**What the task requires**
Pictures stay out of the copy; output exactly the lines from the one containing "Тульская область получила" through the end of the material.

**Dataset extract**
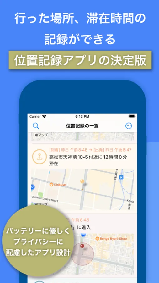 ※本アプリは位置情報を本アプリ内(ローカル)に保存します。個人情報が含まれない緯度と経度の情報のみ住所、地理名称を取得するためにApple社とのセキュアな回線で通信が発生します。
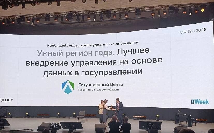 Тульская область получила премию «Умный регион года» на конференции ViRush 2030, где были представлены лучшие практики управления на основе данных. Об этом сообщил губернатор Дмитрий Миляев в своем канале в MAX. Регион отмечен за успешное внедрение современных технологий в систему государственного управления. Ситуационный центр губернатора Тульской области продемонстрировал на мероприятии разработанные в регионе системы для обработки обращений граждан и контроля исполнения поручений. Эти решения вызвали особый интерес у профессионального сообщества. Конференция собрала более 1000 специалистов из государственного сектора, бизнеса и общественных организаций. Эксперты высоко оценили эффективность созданной в Тульской области экосистемы управления, основанной на данных.
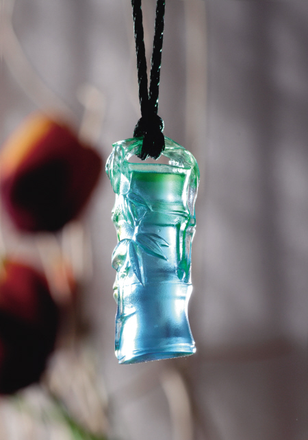 “赤忱同此心”(图1) 原著第二十九回,写情投意合的贾宝玉林黛玉发生情感误会:“看来两个人原本是一个心,但都多生了枝叶,反弄成两个心了。”取意于此,“赤忱同此心”采用古代编钟式形制,修长圆润,通体呈粉红色,渲染温馨情调,两侧对称分立式样一致的孔眼及纹饰,上下两端的亮透圆珠彼此呼应,寄意俊男淑女心心相印,情有独钟,形神相契。

**The completed task**
 Тульская область получила премию «Умный регион года» на конференции ViRush 2030, где были представлены лучшие практики управления на основе данных. Об этом сообщил губернатор Дмитрий Миляев в своем канале в MAX. Регион отмечен за успешное внедрение современных технологий в систему государственного управления. Ситуационный центр губернатора Тульской области продемонстрировал на мероприятии разработанные в регионе системы для обработки обращений граждан и контроля исполнения поручений. Эти решения вызвали особый интерес у профессионального сообщества. Конференция собрала более 1000 специалистов из государственного сектора, бизнеса и общественных организаций. Эксперты высоко оценили эффективность созданной в Тульской области экосистемы управления, основанной на данных.
 “赤忱同此心”(图1) 原著第二十九回,写情投意合的贾宝玉林黛玉发生情感误会:“看来两个人原本是一个心,但都多生了枝叶,反弄成两个心了。”取意于此,“赤忱同此心”采用古代编钟式形制,修长圆润,通体呈粉红色,渲染温馨情调,两侧对称分立式样一致的孔眼及纹饰,上下两端的亮透圆珠彼此呼应,寄意俊男淑女心心相印,情有独钟,形神相契。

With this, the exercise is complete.